Li Marcel Proust pela primeira vez, no primeiro ano de meu curso de filosofia, há quase dez anos. Quando terminei o primeiro dos sete volumes de “Em busca do tempo perdido”, o “No caminho de Swann”, não tinha me entusiasmado. Havia belas passagens, mas nada mais. Os anos se passaram, já tinha me conformado com o fato de que nunca chegaria ao fim dos outros seis volumes. Este ano, entretanto, resolvi colocar meu francês em dia fazendo um curso de literatura no qual, basicamente, tínhamos de ler um livro durante o semestre.
O livro escolhido era “Sodoma e Gomorra” o quarto volume da grande obra proustiana. Enfim, comecei o curso e fiquei encantada, era como se encontrasse um novo autor. Li os dois volumes anteriores e os três posteriores. Terminei o último, o “Tempo redescoberto”, hoje. Como é triste terminar um bom livro!

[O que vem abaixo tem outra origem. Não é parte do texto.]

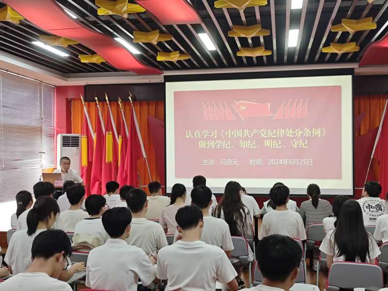 冯良元书记围绕“《条例》的历史沿革及重要意义、主旨要义、主要内容”三个方面详细解读,深刻学习领会《中国共产党纪律处分条例》精神实质、核心要义,强化纪律意识和规矩意识。本次党课运用大量详实的数据和典型的案例,对“六大纪律”进行深刻剖析,结合学生党员个体特征,用身边事教育身边人,引导党员进一步学党纪、知党纪、明党纪、守党纪,为培养具有社会责任感和使命感的新时代青年奠定坚实的思想基础。
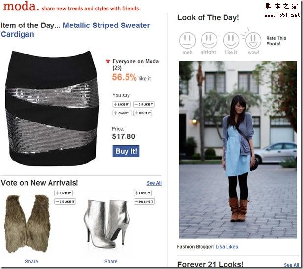 我們的2010在線零售百強熱榜上的商家不是只簡單做一個Facebook和Twitter頁面來撐門面,而是讓花心思讓用戶會積極主動地想到訪問這些頁面。例如青少年服裝品牌Forever21就在自己的Facebook頁面上吸引了超過51萬名粉絲,品牌支持者可以在這里看到最新款的服裝并進行評分和分享,同時這里還有有趣的比賽,大量的圖片和活躍的論壇討論。
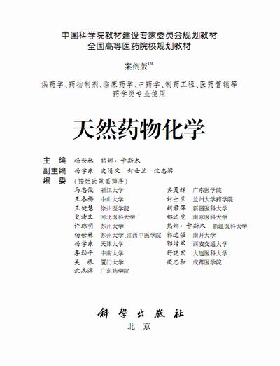 此书为中国科学院教材建设专家委员会规划教材、全国高等医药院校规划教材,供药学、药物制剂、临床药学、中药学、制药工程、医药营销等药学类专业本科生使用。主编为杨世林、热娜卡斯木,副主编为杨学东、史清文、封志兰、沈志滨。
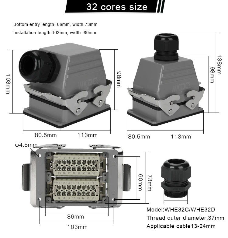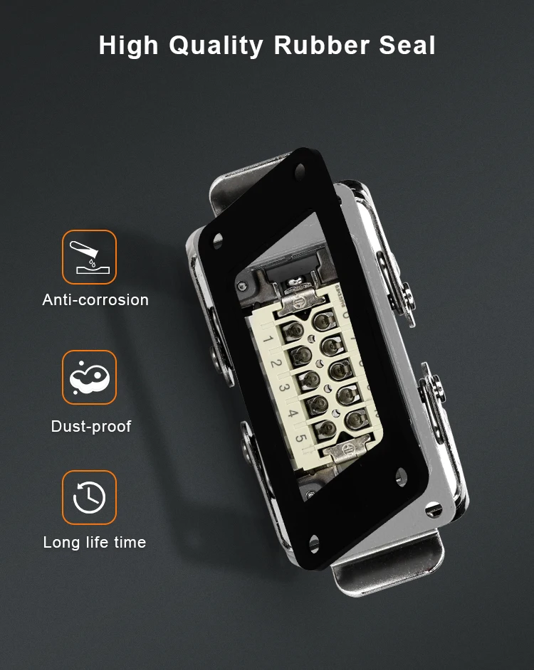 Каждый сверхмощный разъем питания включает в себя вставку для мужчин и женщин, винтовые контакты, боковую или верхнюю крышку входа, переборочный корпус и кабельный сальник.
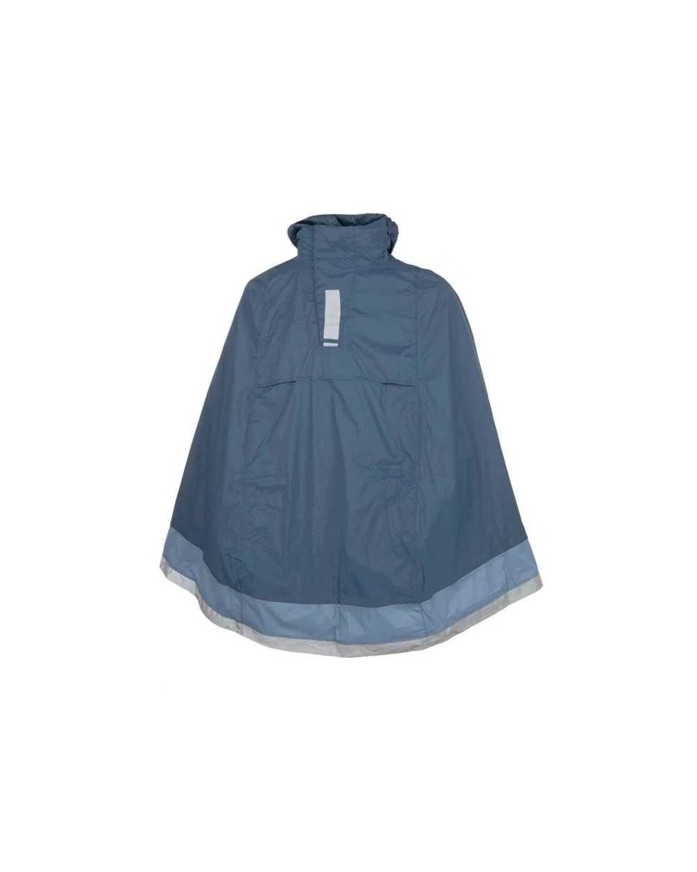 Comme toujours, des éléments réfléchissants sont disposés un peu partout sur la cape de pluie dont une très large sur toute le bas.

Foi assim com “Cem anos de solidão” de Gabriel Garcia Márquez, foi assim com a trilogia do Cairo de Nagib Mahfuz. Todo um mundo construído em palavras encerrado em algumas páginas! De Proust ficaram gravadas em meu coração as belas descrições das roupas de Odette, da paisagem de Balbec, suas reflexões sobre o tempo...
No entanto, fico feliz em ter chegado ao fim, porque ter “redescoberto” o autor após dez anos significa que, de certa forma, eu amadureci, coisas que não notei há dez anos revelaram-se.
Esta é uma das passagens de que gosto muito, bastaria fechar os olhos para revê-la, eu a traduzi a minha maneira, peço, portanto, perdão a Mário Quintana, a Manuel Bandeira e a Carlos Drummond de Andrade, alguns dos grandes tradutores que Proust teve a felicidade de encontrar no Brasil:
“Ali onde, no mês de agosto, eu tinha visto apenas as folhas e como que a localização de macieiras com minha avó, elas estavam, a perder de vista, em floração, de um luxo ímpar, os pés na lama e em roupa de baile, sem tomar precauções para não estragar o mais belo cetim rosa que já se viu e que o sol fazia brilhar. O horizonte longínquo do mar fornecia às macieiras algo como um fundo de estampa japonesa. Se eu levantasse a cabeça para ver o céu entre as flores que faziam seu azul sereno paracer quase violento, elas pareciam se afastar para mostrar a profundeza daquele paraíso. Sob aquele azul, uma brisa tênue, mas fria, fazia estremecer ligeiramente os buquês ruborizados. Gralhas azuis vinham se postar sobre os ramos e saltavam entre as flores, indulgentes, como se tivesse sido um amante de exotismo e de cores que havia criado artificialmente aquela beleza viva. Mas ela tocava até as lágrimas porque, por mais longe que ela fosse em seus efeitos de arte refinada, sentia-se que ela era natural, que essas macieiras estavam ali em pleno campo como os camponeses, sobre uma grande estrada da França. Depois, aos raios do sol, sucederam-se subitamente aqueles da chuva. Eles riscaram todo o horizonte, encerraram a fila de macieiras em sua rede cinza. Mas elas continuavam a expor sua beleza, florida e rosa, ao vento que se tornou glacial sob a tempestade que caía: era um dia de primavera.”
3 comentários:
Oi Karen, que linda a foto do livro de Proust. A propósito, esta noite passei em claro preparando um relatório sobre uma matéria de Filosofia. Agora vou mimir para descansar. Também prefiro ler as obras no original. Atualmente, encaro uma preciosidade de Flaubert: Lettres à sa nièce.Grosses bises, Renata Lampião
O curso de filosofia nao é muito popular entre os alunos dos outros cursos de Humanas, espero que não seja o seu caso! Sabe que nunca li Flaubert!
Oi Karen! Eu andei lendo alguns fragmentos de 'Em busca do tempo perdido' e realmente parece ser um livro e tanto. Agora, você que tem conhecimento de francês, diga-me, francês é uma língua difícil? Como é aprender francês?